In 2016, the campus saw its carbon footprint shrink following a retro-commissioning of its heating, ventilation and air conditioning, or HVAC, system in February 2015. The project reduced K-State Olathe's 2015 annual utility costs by more than 35 percent, its annual electricity consumption by 10 percent and its gas consumption by 48 percent.

K-12
Since 2011, K-State Olathe has hosted more than 16,600 students in grades kindergarten through 12 at events and programs focused on STEM professions. In the summer, the campus is offering a free, online college course for high school juniors and seniors interested in the biosciences. The course focuses on One Health, a multidisciplinary health approach in which human health, animal health and the environment are linked and affect each other.


Research/Corporate engagement
Several biomedical and animal health companies have leased laboratory and office space at the campus, including Merck Animal Health, Ceva Biomune, SORA Medical Solutions LLC and SmartVet. Similarly, Hoganville Family Farms, a family-owned and -operated business that produces naturally fermented sauerkraut, used the Food Innovation Accelerator at K-State Olathe to scale up their production.
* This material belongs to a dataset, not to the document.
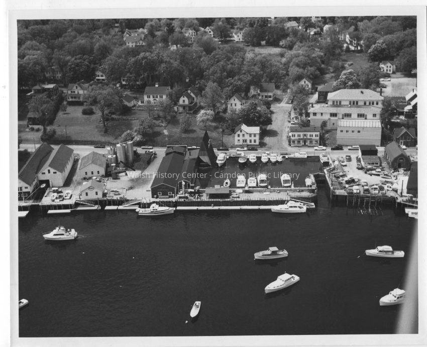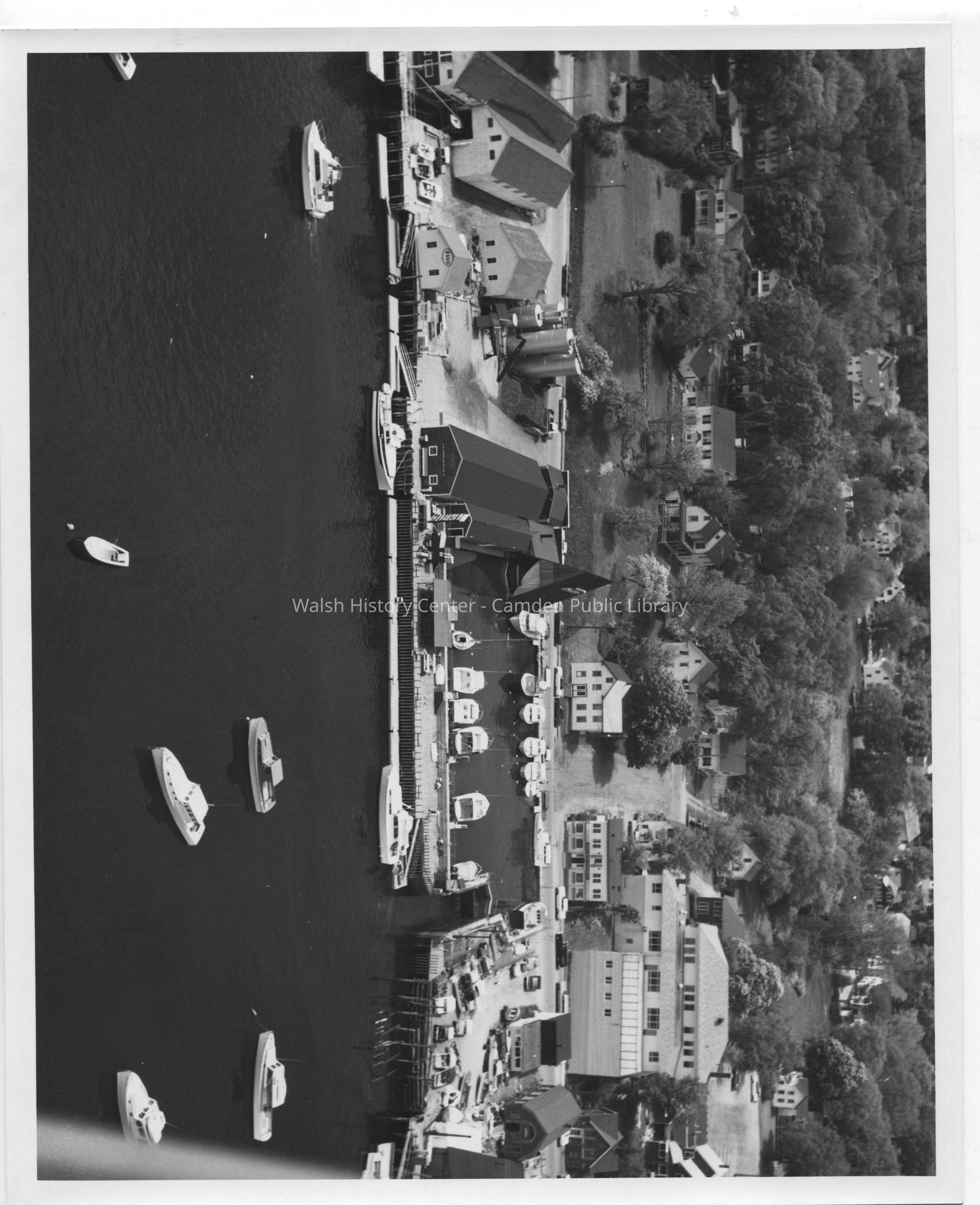 Aerial photograph of Camden harbor and Tibbetts Lok Marina circa 1954.Collection

K-State Olathe also has taken the lead on fostering several emerging industries in the Greater Kansas City area. The campus recently hosted the Petfood Innovation Workshop, which used the campus' test kitchens to develop novel protein products in pet foods and treats. The Urban Food Systems Symposium on June 22-25 is the first international conference to focus on urban agricultural production, local food systems distribution, urban farmer education, urban agriculture policy, planning and development, food access and justice and food sovereignty. Kansas City is one of the nation's emerging urban food centers.